Гаю не понадобилось объяснять, что он имеет в виду - его компаньон всегда
отличался догадливостью, пусть и слегка помрачившейся после минувшей
беспокойной ночи.
Интермедия. Где император Андроник Комнин принимает решение, а маркграф
Конрад надеется на лучшее...
Полосы света, косо лежавшие на плитах террасы, приобрели мягкий
шафрановый оттенок, свидетельствуя, что день перевалил за середину. Гость
базилевса недавно ушел. По коридорам дворца еще разносилось резкое,
отрывистое лязганье его позолоченных шпор. Еще до заката он отправится
домой, к побережью Святой Земли, как будто никогда не появлялся в шумном
Константинополе, Втором Риме, столице могущественной Империи. Он уедет
довольным, выгодно сбыв свои новости и не зря потратив время. Казна Палатия
не обеднеет, щедро расплатившись с вестником. В наступающие тяжелые времена
пригодятся любые союзники и любые средства.
Над террасой повисла тишина, нарушаемая лишь доносившимся с залива
хлопаньем парусов и редкими поскрипываниями старой виноградной лозы,
оббившей колонны. У двух закрытых дверей блестящими истуканами вытянулись
стражники. Для полного сходства со статуями они, кажется, даже прекратили
дышать и моргать.
Базилевс взвешивает и тщательно обдумывает каждое слово, небрежно
обороненное франком. Базилевс хмурится и недовольно морщится. Слишком многое
сплелось в причудливый клубок из родственных связей, вассальных присяг,
невыплаченных долгов, династических притязаний и честолюбивых планов.
Слишком многое брошено на весы политики, чтобы торопиться с решениями.
Слишком опасные игры затеваются нынешней осенью на берегах прекрасного
Средиземного моря и возле Пролива.
Придя к каким-то выводам, правитель Византии делает левой рукой небрежное
движение, толкая причудливо наклоненный крохотный столик черного дерева.
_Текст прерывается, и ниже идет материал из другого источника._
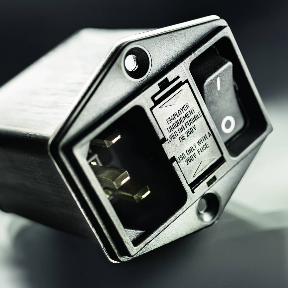 The DD12 filter series combines an IEC C14 appliance plug with a 1- or 2-pole fuse holder, a 1- or 2-pole switch and a high-quality mains filter. The particularly wide metal flange (horizontal or vertical) contacts the housing surface over a large area and thus enables an optimum filter and shielding effect with a large number of mounting variants.
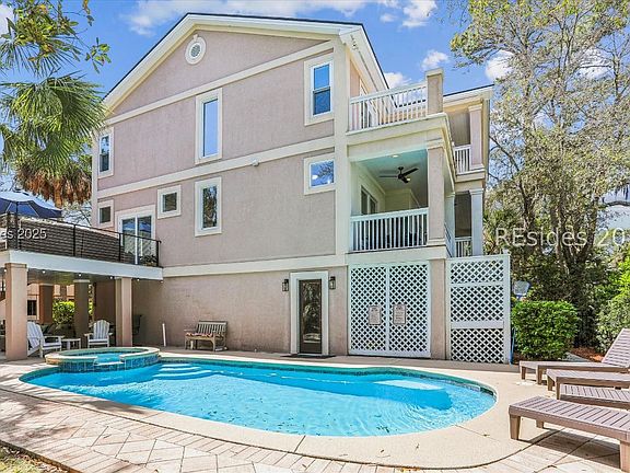 Welcome to your coastal retreat just steps from the Atlantic Ocean! Nestled in the sought-after South Forest Beach area, this stunning 6BD, 5.5BA home offers nearly 4,000 square feet of beautifully appointed living space and just 4 rows from the beautiful sandy beaches of Hilton Head. With a Charleston-style front porch and a bright two-story foyer, the home exudes Southern charm and modern comfort. Prime location with easy access to the beach, Coligny Plaza, Celebration Park and a short bike ride to the Sea Pines Beach Club (via beach access). This updated home includes front and back porch space, a private pool and spa and plenty of extra room in the underground garage area equipped with a ping pong table and a tiki bar! Sleeps up to 16 guests comfortably which makes this a rental machine. Fully furnished and move-in or rental ready. Whether you're looking for a family getaway, a high-performing rental property, or a serene beachside haven, 3 Laurel Lane delivers the ultimate Hilton Head lifestyle!
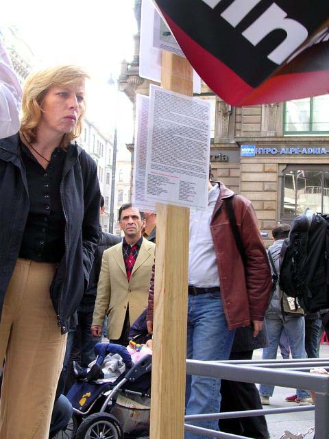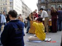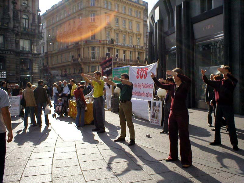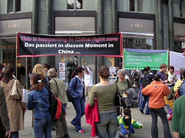一位奥地利的老夫人告诉学员她在半年前就从学员们那里得到了关于在中国发生的迫害的报纸,她不但自己认真读了,还给她的朋友看;她说世界上有很多不好的事情发生,而法轮功学员们仅仅因为修炼与信仰而被如此残酷的迫害,这实在太邪恶了。还有几位过路的西人居然会说中文,他们用中文与学员探讨了在中国发生的事情。有的中国人向学员主动索取真象材料,他们很惊讶在中国会发生这样的事情,纷纷表示要好好了解了解情况。
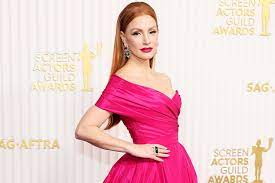 The star wore a voluminous raspberry-rose taffeta dress with a high slit. Her dress had an asymmetrical bodice and a full skirt that looked like it was cascading down her body. Chastain completed her look with sleek, straight hair and glittering statement earrings accented with pink gems. Besides the fact that Chastain always slays the SAG Awards, her outfit tells us that getting glammed up is a form of expression for women. Whenever I look at Jessica, the word power fashionista comes to mind. It’s true because she’s got skills and still looks so good.
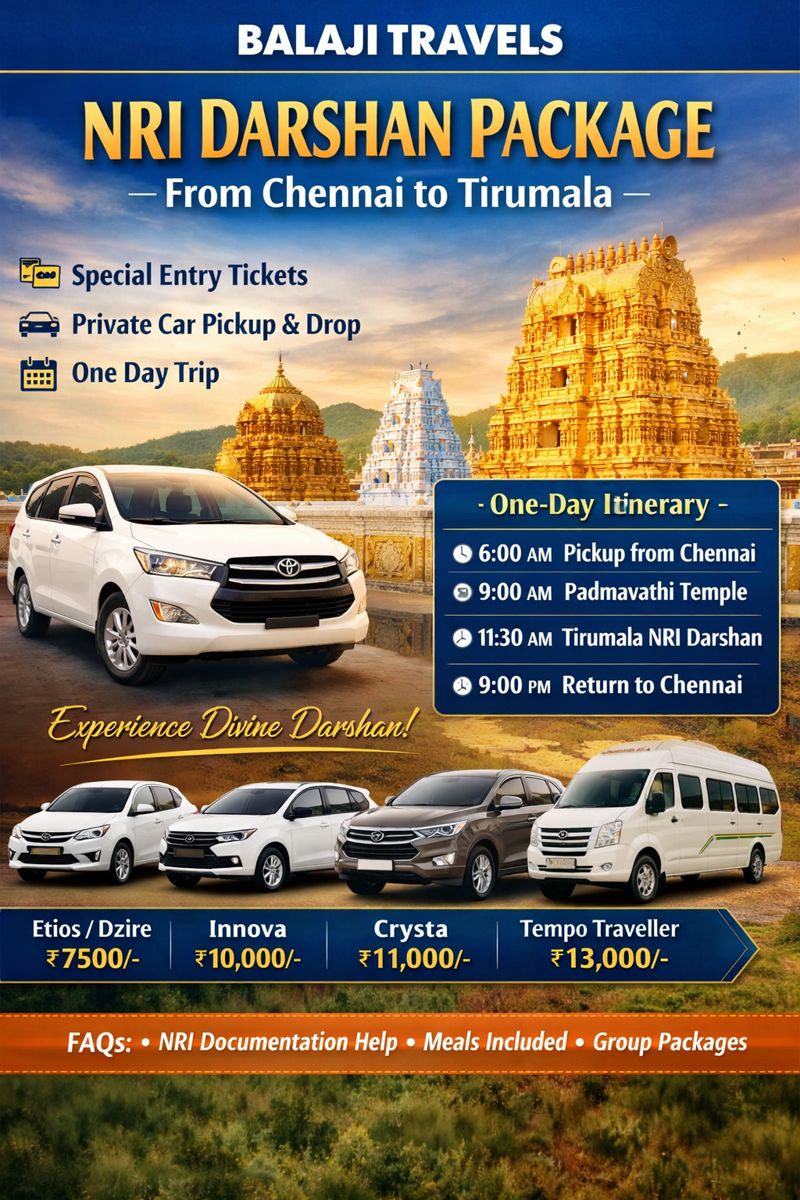 For Non-Resident Indians seeking a smooth and spiritually fulfilling visit to Lord Venkateswara, Balaji Travels presents a well-planned NRI Darshan Package from Chennai with car pickup and drop. This...
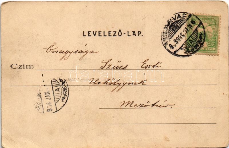 Beschreibung: 1903 Szarvas, Dr. Lengyel Sándor palotája, Sámuel Adolf üzlete, könyv- és papíráruháza és saját kiadása (EB)
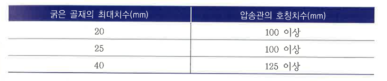 지하층 타설처럼 하향압송배관일 경우 콘크리트의 자유낙하로 인해 재료분리가 일어나 배관이 막히는 경우가 자주 발생하므로 자유낙하하는 콘크리트량보다 더 많은 양의 콘크리트를 압송할 수 있는 압송장비를 선정한다.
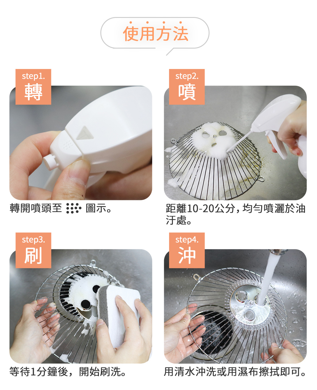 ►使用方法:距離10~20公分,酌量均勻噴灑於油汙髒污處,靜置約1分鐘,開始刷洗,再用水沖洗清除即可,亦可用濕布擦拭。若是油汙較嚴重時,請停留3~5分鐘,或重複使用,以加強清潔效果。
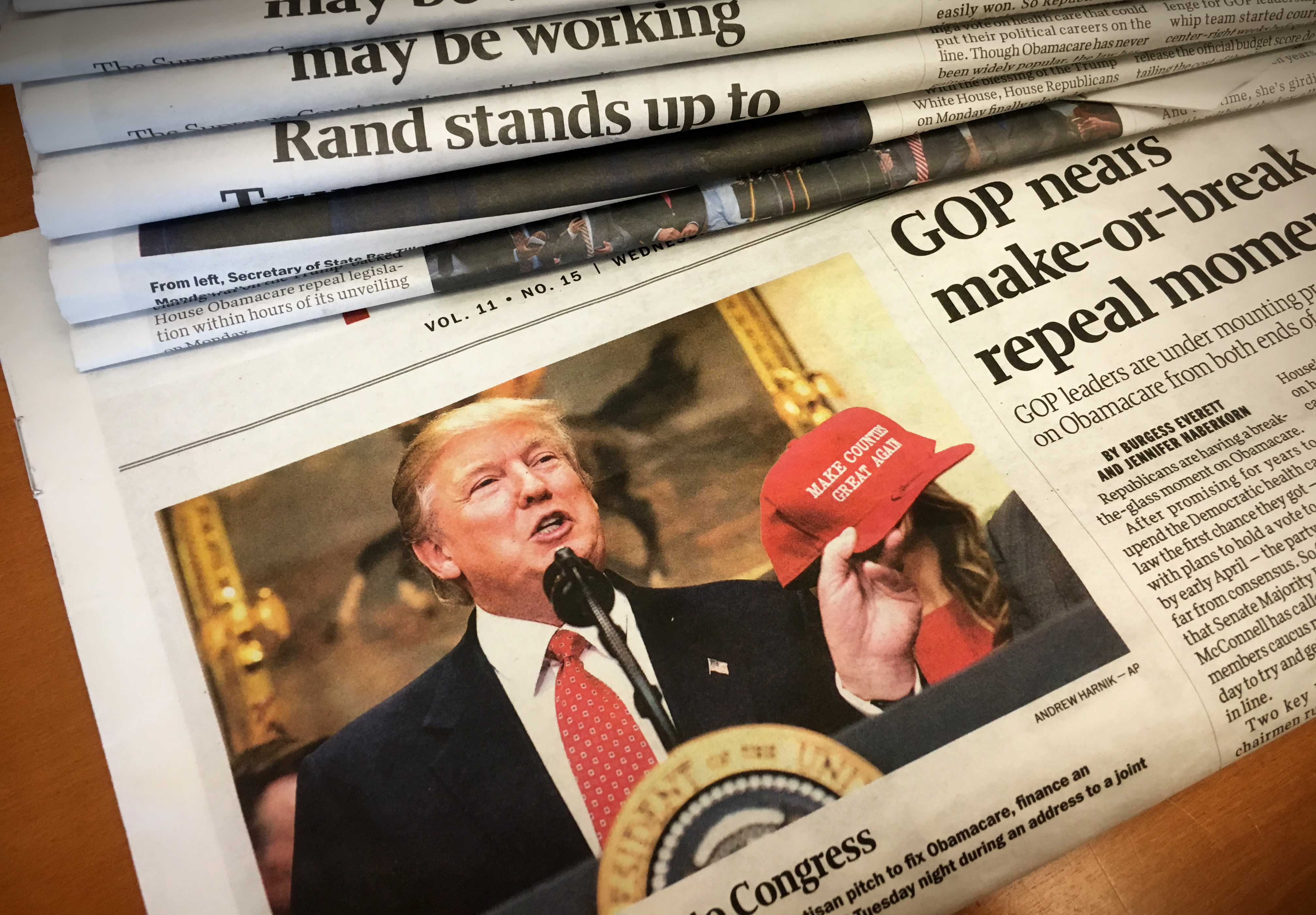 trump-newspaper Published March 9, 2017 at 4032 × 2803 in trump-newspaper Donald Trump making headlines. (Photo by John Light) Donald Trump making headlines. (Photo by John Light)
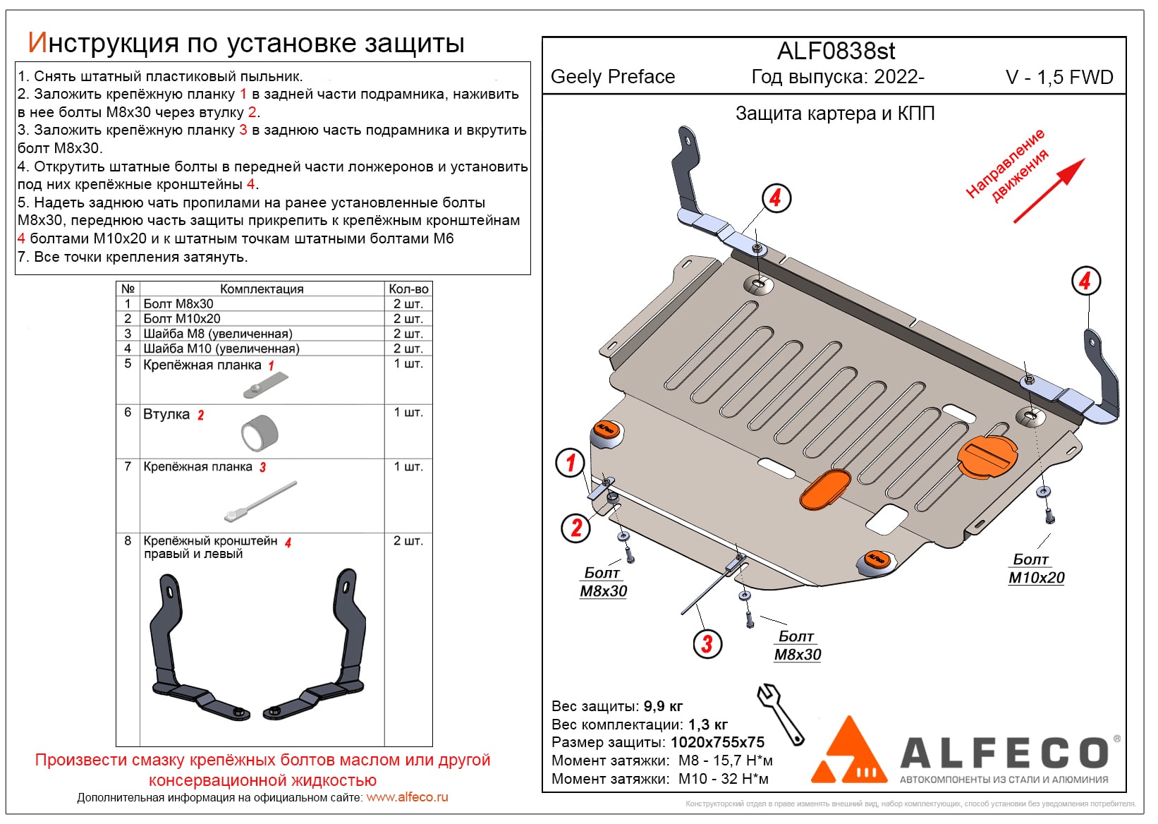 Защита картера и КПП ALFeco арт. ALF0838al изготовлена из алюминия толщиной 4мм специально для автомобиля Geely Preface 2024-. Обеспечивает надежную защиту агрегатов от механических повреждений и попадания дорожной грязи и других предметов, встречающихся на проезжей части, способных зачастую нанести серьезный вред автомобилю. В комплекте идет весь необходимый крепеж для установки. Наличие можно уточнить по телефону. Возможна установка в нашем автосервисе по предварительной записи

Столик вздрагивает, роняет в установленный рядом узкий желоб медный шарик, и
тот катится, весело сверкая на солнце начищенными боками. Путь шарику
преграждает серебряный диск, еле заметно покачивающийся на тонких цепях
между двух мраморных столбиков. Ударившись о его край, шарик падает к
собратьям, уже выполнившим свой долг. Над террасой повисает тягучий
мелодичный звон. Так звенели бы солнечные лучи, обладай они способностью
испускать звук.
Почти одновременно с ударом шарика о диск распахнулась дверь. Вернее, в
облицованной темно-желтыми и коричневыми кусочками мозаики стене возникла
темная щель, пропустила юркую человеческую фигуру и снова неразрывно слилась
с общим узором.
Нового визитера, занявшего место предыдущего, с первого взгляда можно
было принять за подростка - невысокого, угловатого в движениях, странно
подпрыгивающего при ходьбе, точно от избытка сил. Когда же он присел, стало
очевидно, что ему никак не меньше пяти десятков лет, что он успел изрядно
облысеть и что костистое узкое лицо обтягивает сухая, собирающаяся в складки
кожа. Вошедший производил странное впечатление: прошедшие годы словно стерли
с него все краски, оставив взамен лишь кремнистый холодный блеск небольших,
глубоко посаженных глаз.
Эти маленькие глазки, как шептались в Палатии и за его стенами, замечали
все происходящее в Империи и вокруг нее. Ибо Констант Дигенис, занимавший
должность эпарха-управителя великого города, ведал не только торговыми
делами, но и огромной сетью лазутчиков, доверенных людей, надзирателей,
доносчиков и шпионов, рассыпанных по всем провинциям Византии, а заодно и ее
ближних и дальних соседей. Кое-кто украдкой именовал Дигениса вторым
базилевсом и утверждал, что Андроник не сделает шага, не посоветовавшись
сперва с достопочтенным господином эпархом.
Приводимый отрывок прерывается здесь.